I hope that this provision is a fairly simple one to tidy up. Again, I think we all understand the good intentions here, but I would be grateful if the Minister could clear that up. I will leave it to my noble friend Lord Moynihan to raise his amendments.
My Lords, I will be equally brief in proposing my Amendments 187ZA and 187ZB. The drafting of the Bill states that if the regulator takes too long to determine applications for new owners and officers, then the applicants are treated as not suitable under Clause 32(5), through absolutely no fault of their own. This is not aligned with practice in other regulated sectors. It could have an impact on that person wider than purely their involvement in the club and be detrimental to clubs that have only one potential new owner, who is deemed unsuitable purely because the regulator ran out of time.
The change that I propose to Clause 32(5) would reverse the consequence of excessive delay, addressing the inherent unfairness in the current drafting. This is aligned with how statutory time limits on mergers work, for example. If the CMA fails to make a decision within a specified timeline, the merger is automatically allowed. These are clarifying amendments; I very much hope that the Government will see benefit in improving the legislation by accepting them.
I thank noble Lords for this debate and the Minister for her response. While my amendment was anoraky by nature, I think we would all agree that the other amendments tabled by my noble friend Lord Moynihan are quite serious. As the noble Lord, Lord Pannick, mentioned, this is something that happens in all other regulatory environments, and other regulators manage to cater for that in exactly the same situation.
What my noble friend Lord Moynihan is suggesting is not, if the deadline has passed, that an owner is deemed suitable for ever. They will be deemed suitable only until the regulator is able to get round and opine. It would be a pretty silly thing to do for an owner to drag their feet and be awkward, for them to be allowed to do it only to be removed a few months later.
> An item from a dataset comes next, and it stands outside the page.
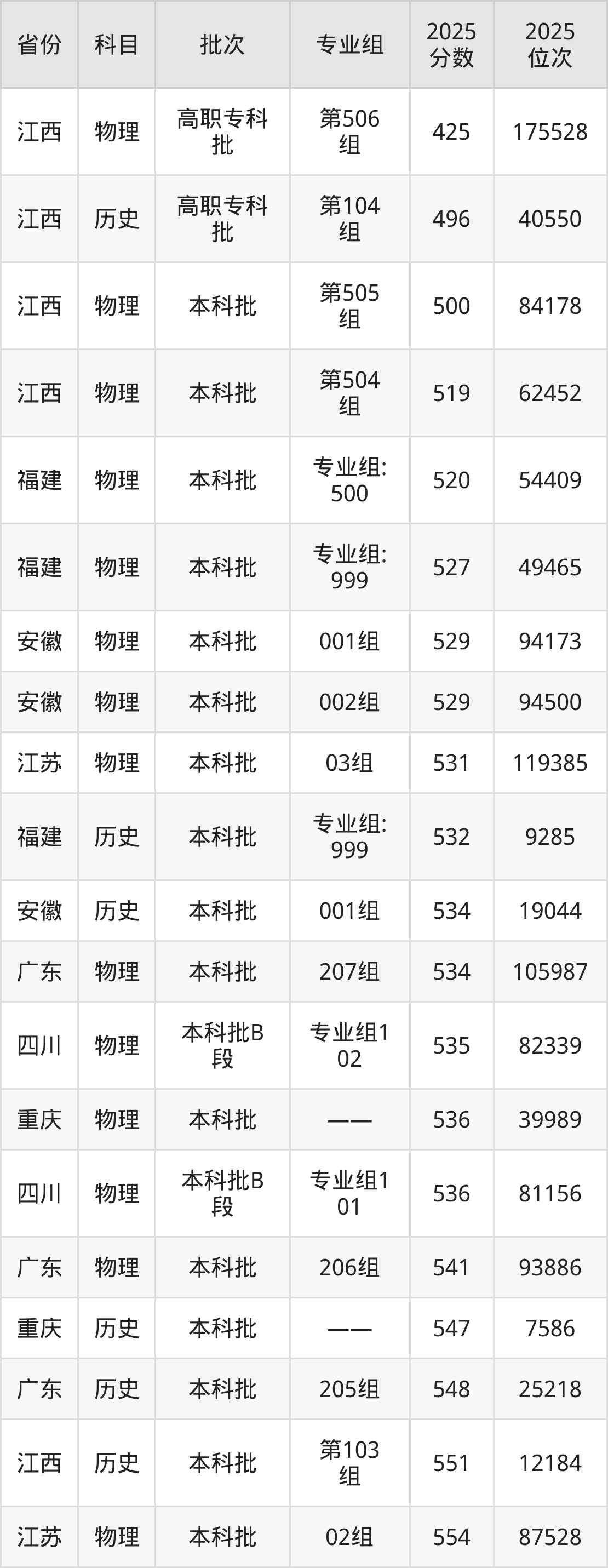 最低录取分数线是425分,对应位次是175528名,招生地区为江西;

That would be a big waste of money for them, and it would be completely illogical for an owner to try to game the system in that way.
So I am afraid that do not quite understand, and I think other noble Lords share in this. I ask the Minister to go back and think more on that, because it has got to be the right case. As the noble Lord, Lord Pannick, pointed out, in a situation where the regulator is not able to pass judgement through their own incompetence, it is the owner, who might be perfectly suitable, who loses out. So I would be grateful if we could consider that further—but at this point I am happy to withdraw.
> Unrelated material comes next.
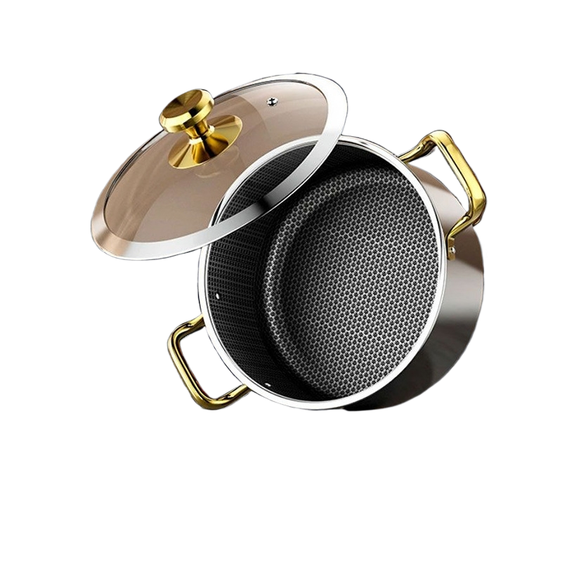 This stainless steel soup pot is designed for everyday cooking with a focus on practicality and durability. The honeycomb-patterned interior helps distribute heat evenly while making food release and cleaning easier during regular use.

My Lords, that might be the noble Lord’s interpretation, but, ultimately, it is government that makes law.
My Lords, just to be clear for the record, no law was passed in this instance. In a matter of days the clubs quickly withdrew from the competition because, as my noble friend mentioned, it went down like a lead balloon and fans were up in arms. The Government were nowhere near it. That was a perfect example of where the clubs and the fans regulated themselves.
My Lords, I have a very strong recollection of this because I wrote an article the day after the proposal came, which was published, like many articles at the time, and I remember that the very next day the proposal was withdrawn. It had nothing to do with the Government. By the way, I was not a politician at the time; some would say I am not one now, but it had nothing to do with Governments or Parliaments.